**Work order**
Write out the listing exactly, from its first line through the line holding "Надежда Федоровна Рудинская", but include none of the pictures.

**Records shown**
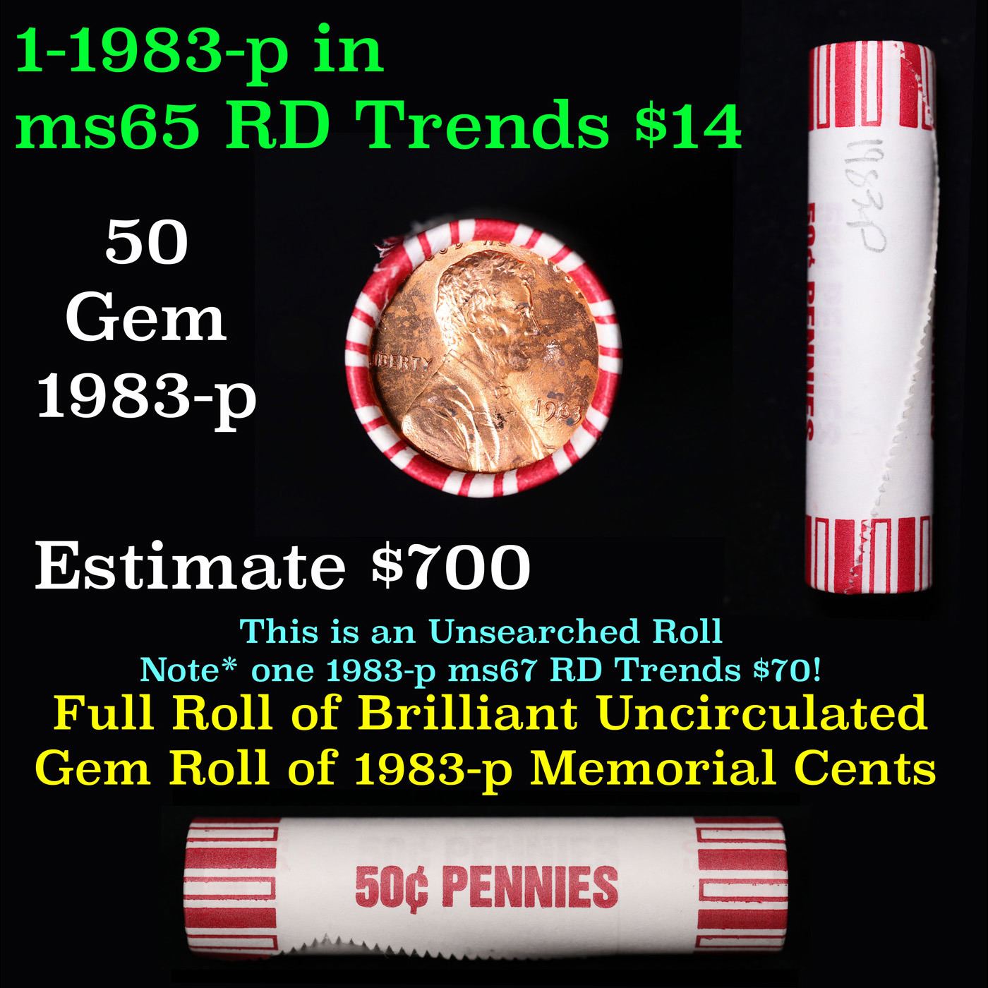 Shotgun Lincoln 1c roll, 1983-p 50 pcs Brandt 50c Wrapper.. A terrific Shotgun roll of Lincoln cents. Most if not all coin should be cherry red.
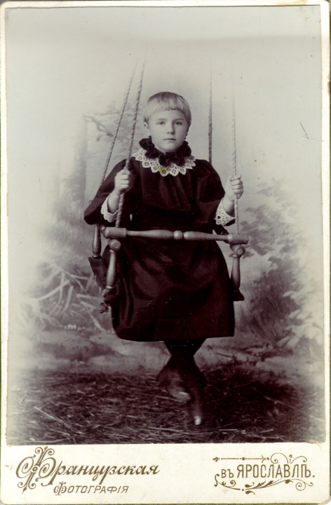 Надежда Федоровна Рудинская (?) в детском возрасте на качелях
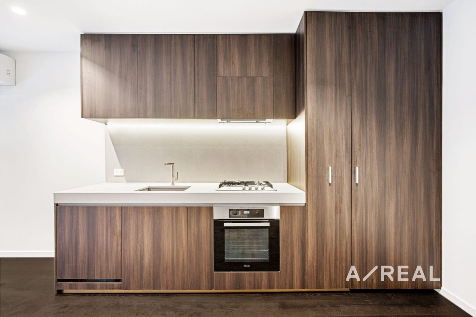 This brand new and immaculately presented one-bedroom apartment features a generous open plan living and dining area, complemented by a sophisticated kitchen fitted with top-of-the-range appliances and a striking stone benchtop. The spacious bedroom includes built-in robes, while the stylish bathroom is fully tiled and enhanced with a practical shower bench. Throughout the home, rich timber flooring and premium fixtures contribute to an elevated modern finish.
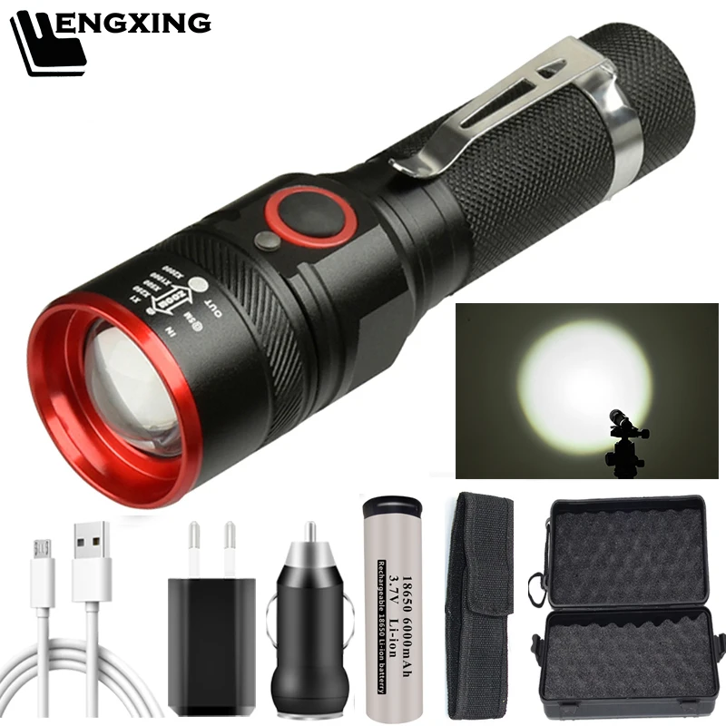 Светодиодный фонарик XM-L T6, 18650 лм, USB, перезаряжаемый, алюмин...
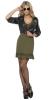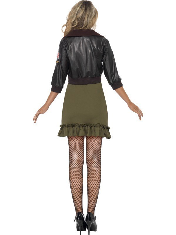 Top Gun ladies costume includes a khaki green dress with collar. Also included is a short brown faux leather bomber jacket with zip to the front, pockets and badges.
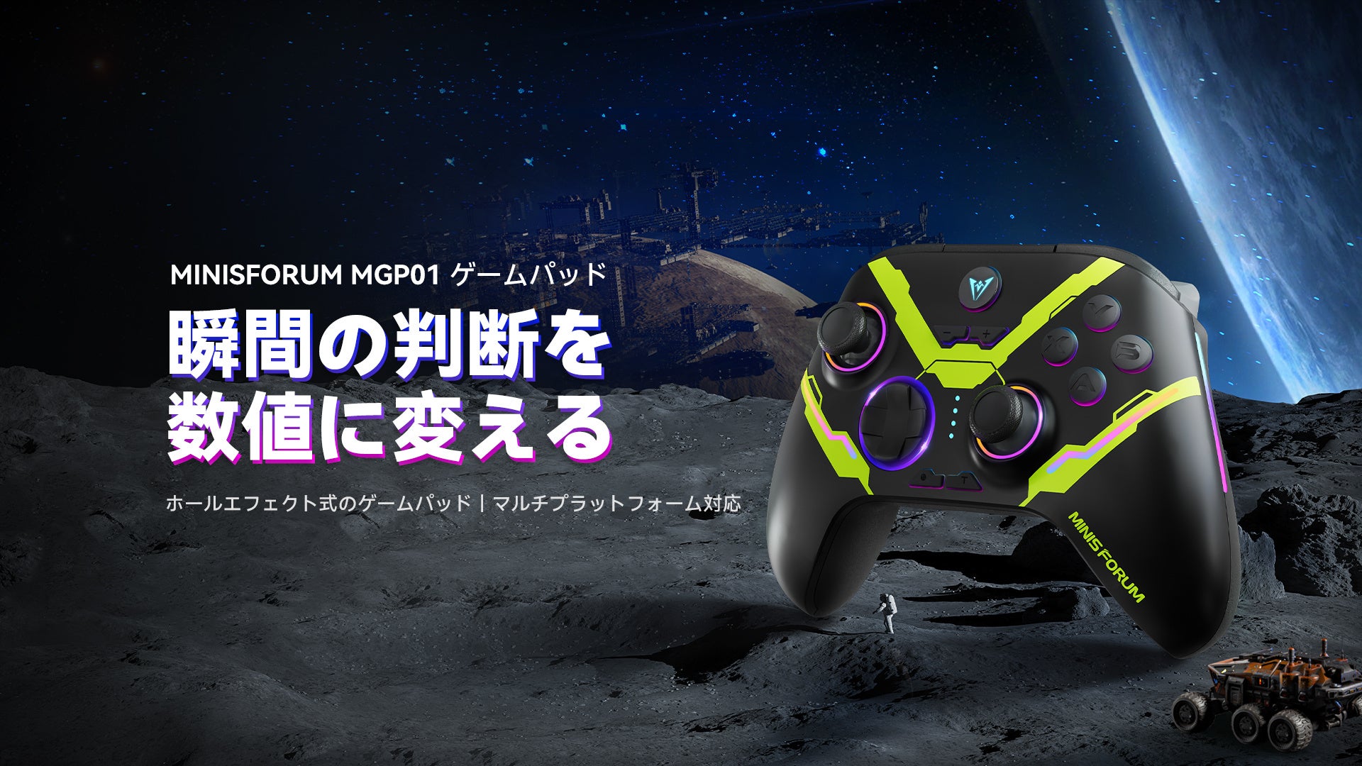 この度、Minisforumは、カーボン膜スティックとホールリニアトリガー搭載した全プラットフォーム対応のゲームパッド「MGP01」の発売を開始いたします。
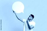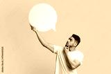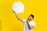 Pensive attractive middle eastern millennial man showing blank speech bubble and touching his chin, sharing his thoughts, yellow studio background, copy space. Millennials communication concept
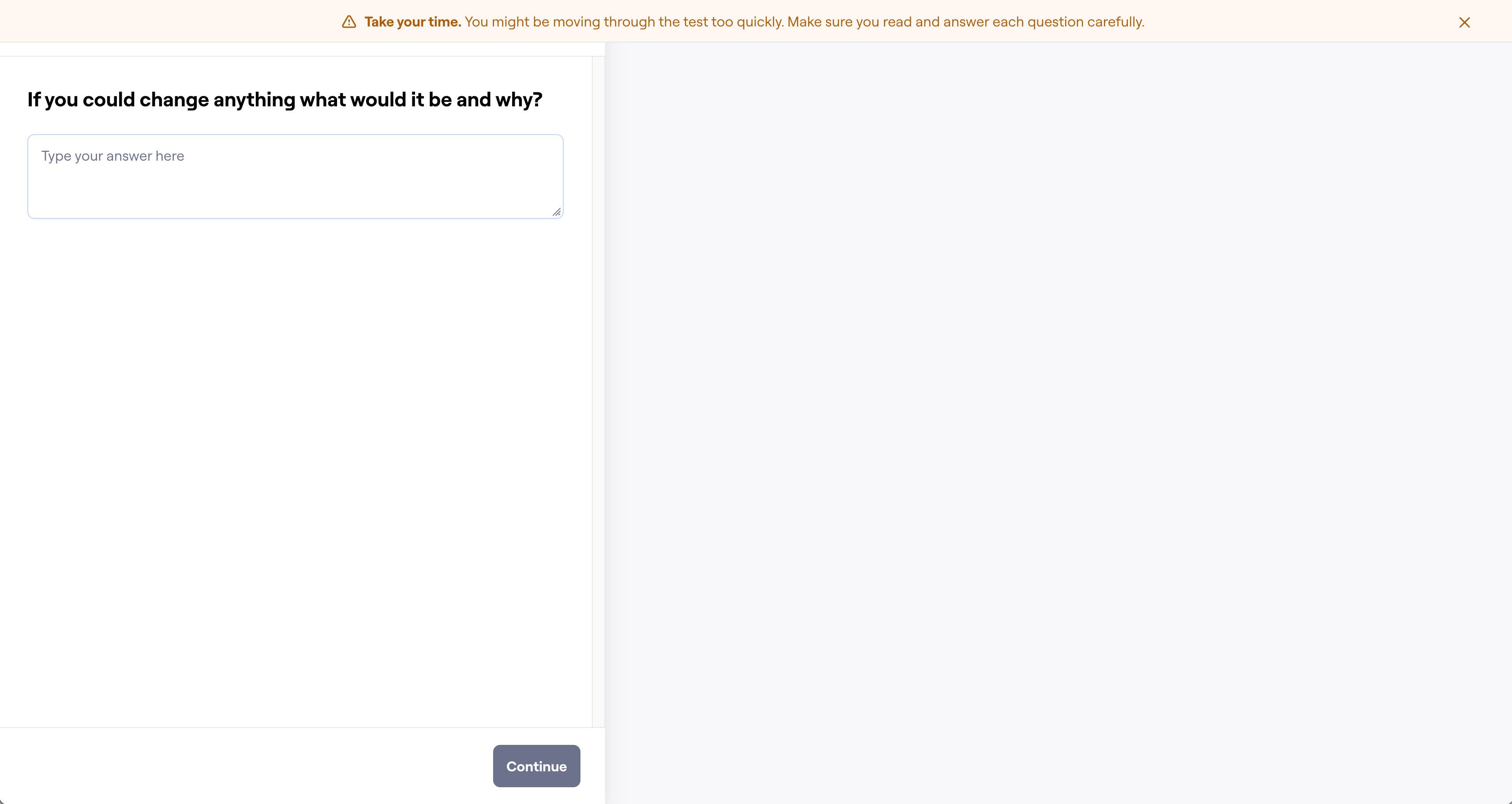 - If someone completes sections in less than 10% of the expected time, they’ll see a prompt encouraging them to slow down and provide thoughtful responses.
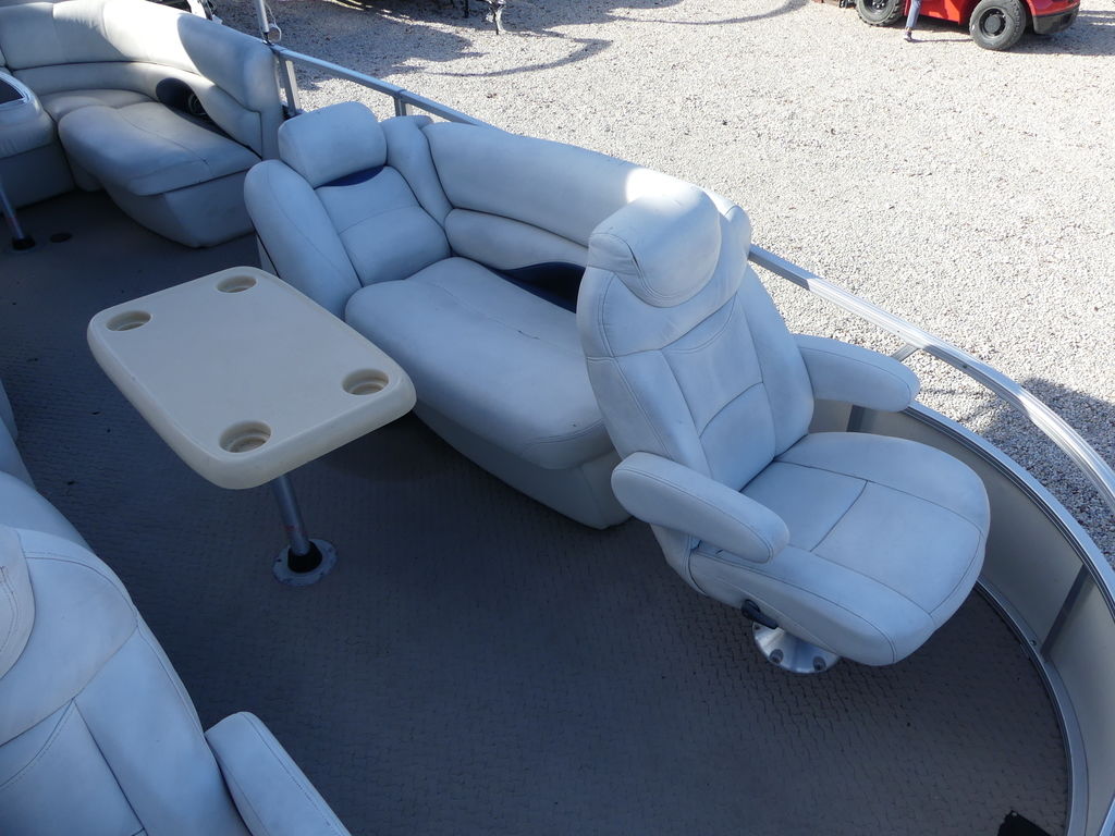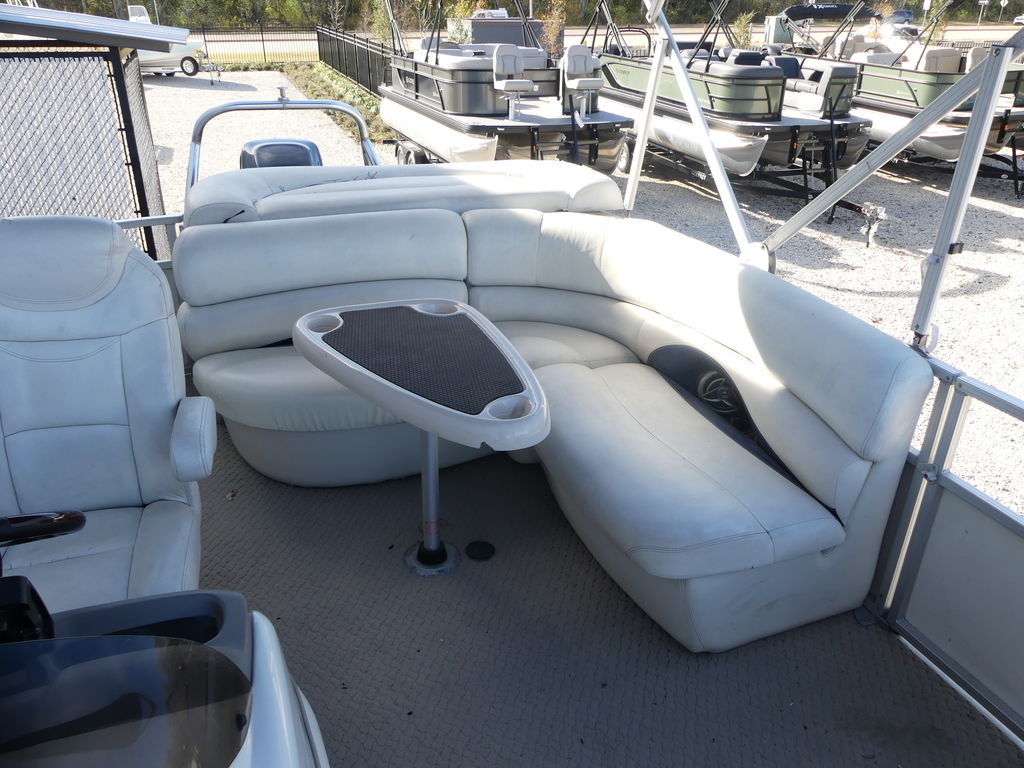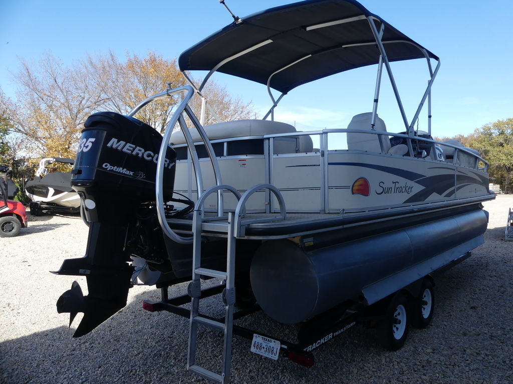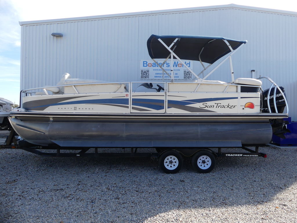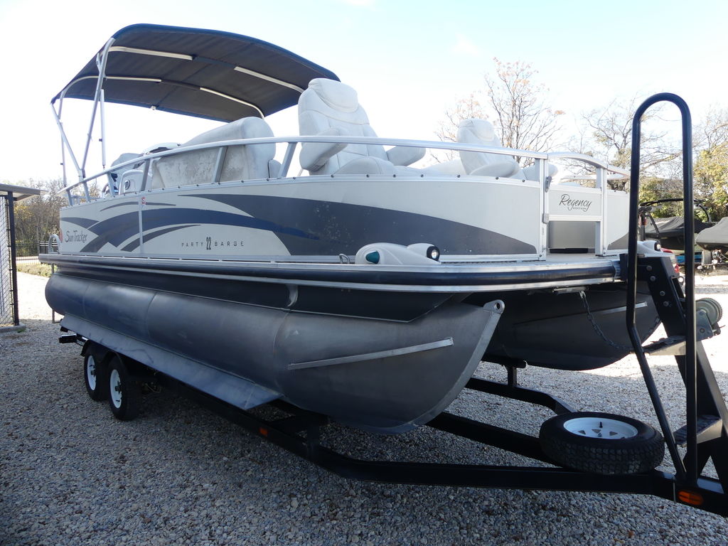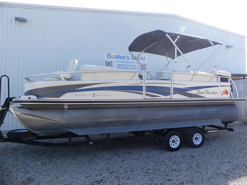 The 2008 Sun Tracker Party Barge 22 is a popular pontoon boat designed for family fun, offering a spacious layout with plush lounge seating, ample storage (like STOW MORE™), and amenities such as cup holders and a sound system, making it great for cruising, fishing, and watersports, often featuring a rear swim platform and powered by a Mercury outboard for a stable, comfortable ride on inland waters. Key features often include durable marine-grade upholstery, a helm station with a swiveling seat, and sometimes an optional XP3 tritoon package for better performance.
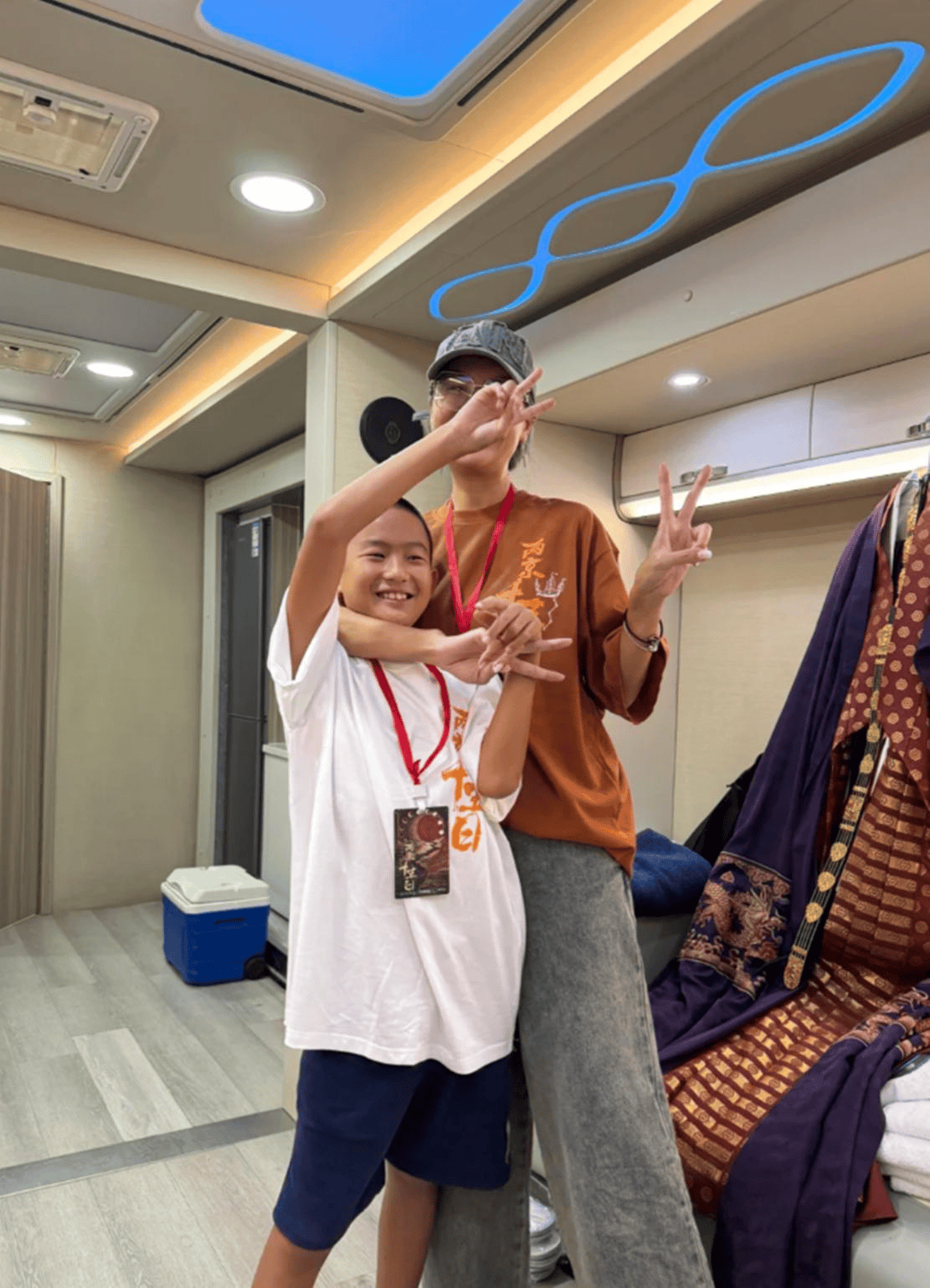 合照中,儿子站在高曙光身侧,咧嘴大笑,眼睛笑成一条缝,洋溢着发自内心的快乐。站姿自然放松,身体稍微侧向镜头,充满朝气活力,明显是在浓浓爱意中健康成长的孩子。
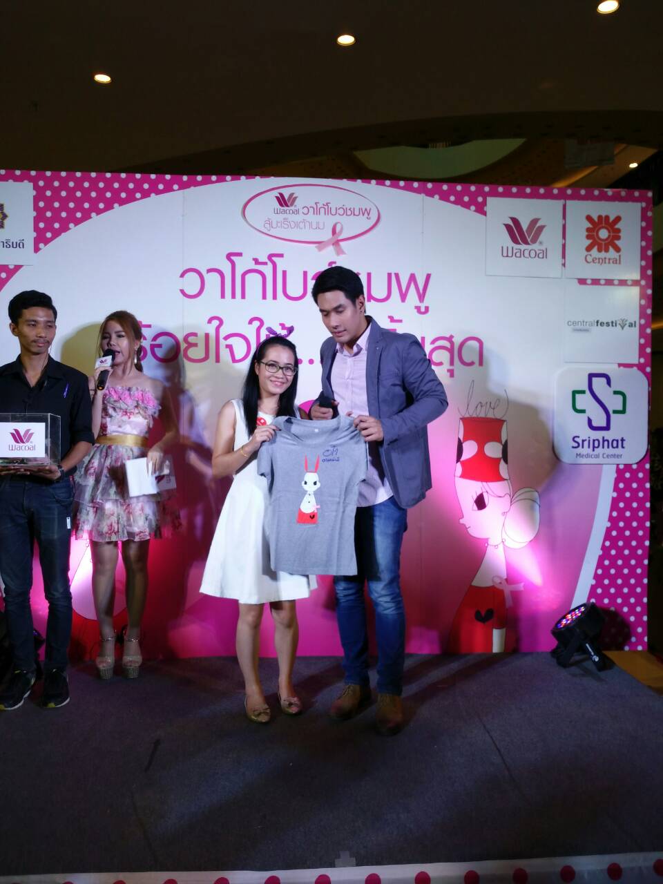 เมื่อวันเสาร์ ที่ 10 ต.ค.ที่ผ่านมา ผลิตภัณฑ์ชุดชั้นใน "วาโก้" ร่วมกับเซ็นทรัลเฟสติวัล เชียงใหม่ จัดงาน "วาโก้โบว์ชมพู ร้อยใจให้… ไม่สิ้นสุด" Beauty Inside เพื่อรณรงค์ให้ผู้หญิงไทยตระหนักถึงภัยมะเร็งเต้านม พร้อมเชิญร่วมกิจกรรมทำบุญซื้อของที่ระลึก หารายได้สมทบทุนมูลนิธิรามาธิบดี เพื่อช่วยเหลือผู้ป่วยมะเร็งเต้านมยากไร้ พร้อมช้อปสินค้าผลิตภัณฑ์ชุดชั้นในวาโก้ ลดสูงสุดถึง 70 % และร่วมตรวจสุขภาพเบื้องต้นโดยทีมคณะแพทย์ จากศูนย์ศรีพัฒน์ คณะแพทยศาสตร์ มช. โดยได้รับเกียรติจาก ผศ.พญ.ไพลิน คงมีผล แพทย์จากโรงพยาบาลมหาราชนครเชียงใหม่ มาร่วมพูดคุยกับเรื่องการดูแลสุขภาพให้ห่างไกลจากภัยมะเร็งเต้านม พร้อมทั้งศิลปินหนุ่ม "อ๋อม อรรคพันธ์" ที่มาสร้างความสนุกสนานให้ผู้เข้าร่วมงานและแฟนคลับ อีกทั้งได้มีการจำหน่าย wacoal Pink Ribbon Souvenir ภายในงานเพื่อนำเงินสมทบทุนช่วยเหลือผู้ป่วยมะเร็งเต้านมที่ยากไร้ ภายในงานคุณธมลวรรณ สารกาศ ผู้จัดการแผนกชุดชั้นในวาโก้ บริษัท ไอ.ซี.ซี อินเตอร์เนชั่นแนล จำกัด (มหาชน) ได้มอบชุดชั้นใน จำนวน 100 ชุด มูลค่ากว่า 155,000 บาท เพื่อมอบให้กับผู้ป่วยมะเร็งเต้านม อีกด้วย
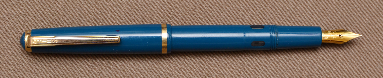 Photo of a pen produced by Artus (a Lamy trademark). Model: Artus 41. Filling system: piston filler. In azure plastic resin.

**Reply to the exercise**
 Shotgun Lincoln 1c roll, 1983-p 50 pcs Brandt 50c Wrapper.. A terrific Shotgun roll of Lincoln cents. Most if not all coin should be cherry red.
 Надежда Федоровна Рудинская (?) в детском возрасте на качелях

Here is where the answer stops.